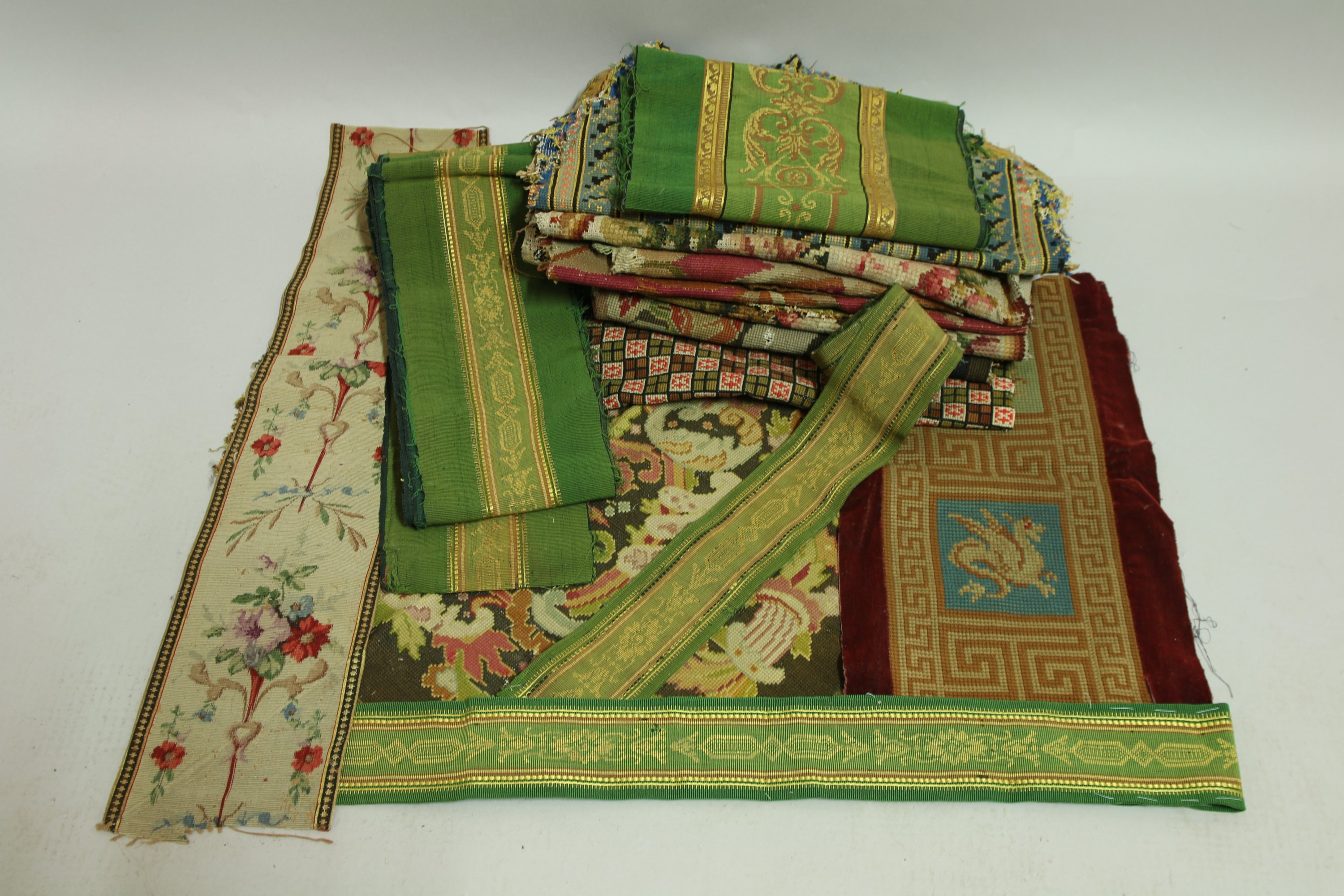 Importante réunion de fragments de tapisseries, tapisseries au point et tapisseries mécaniques, bandeau, bordure, assises et dossiers.
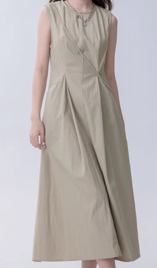 ロングワンピース 細見え 夏 普段使い ルーム お出かけ デート グレージュ 綿 ラウンドネック 無地 大人 清楚 可愛い 上品 シンプル ゆったり Aライン ノースリーブ ミモレ丈 人気 トレンド 10代 20代 30代
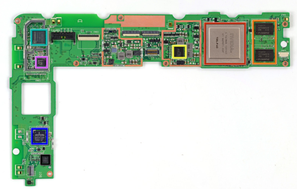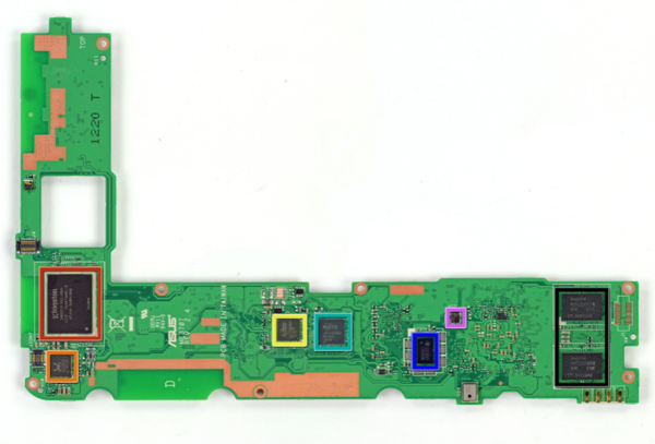 ▲ 橘色圈是 Hynix DDR3 1GB Ram,紅圈是 Nvidia Tegra3 晶片,黃圈是 Max 77612A inverting switching regulator 開關穩壓器,青圈是 AzureWave AW-NH665 wireless module 無線模組,籃圈是 Broadcom BCM4751 integrated monolithic GPS receiver GPS 接收器、粉紅圈是 NXP 65N04,黑圈是 Invensense MPU-6050 gyro and accelerometer 陀螺儀與偵測儀。
--
With the images removed, reproduce all the material above word for word.

 Importante réunion de fragments de tapisseries, tapisseries au point et tapisseries mécaniques, bandeau, bordure, assises et dossiers.
 ロングワンピース 細見え 夏 普段使い ルーム お出かけ デート グレージュ 綿 ラウンドネック 無地 大人 清楚 可愛い 上品 シンプル ゆったり Aライン ノースリーブ ミモレ丈 人気 トレンド 10代 20代 30代
 ▲ 橘色圈是 Hynix DDR3 1GB Ram,紅圈是 Nvidia Tegra3 晶片,黃圈是 Max 77612A inverting switching regulator 開關穩壓器,青圈是 AzureWave AW-NH665 wireless module 無線模組,籃圈是 Broadcom BCM4751 integrated monolithic GPS receiver GPS 接收器、粉紅圈是 NXP 65N04,黑圈是 Invensense MPU-6050 gyro and accelerometer 陀螺儀與偵測儀。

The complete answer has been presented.